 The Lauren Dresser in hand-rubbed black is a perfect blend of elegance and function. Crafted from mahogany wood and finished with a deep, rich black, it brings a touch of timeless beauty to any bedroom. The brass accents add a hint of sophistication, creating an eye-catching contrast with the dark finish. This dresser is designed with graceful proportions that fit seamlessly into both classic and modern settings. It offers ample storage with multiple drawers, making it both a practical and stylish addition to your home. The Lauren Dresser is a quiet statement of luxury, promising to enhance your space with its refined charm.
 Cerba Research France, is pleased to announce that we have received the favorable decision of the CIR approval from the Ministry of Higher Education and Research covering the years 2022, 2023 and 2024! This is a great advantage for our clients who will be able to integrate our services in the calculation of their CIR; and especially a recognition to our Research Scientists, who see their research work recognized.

------------------------------------------------------------

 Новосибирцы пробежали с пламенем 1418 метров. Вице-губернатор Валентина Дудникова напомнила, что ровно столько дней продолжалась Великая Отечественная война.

------------------------------------------------------------

◆ Exercise requirements: Lines with the word "that": how many are there in the material? Answer with the number alone.

◆ Your response: 2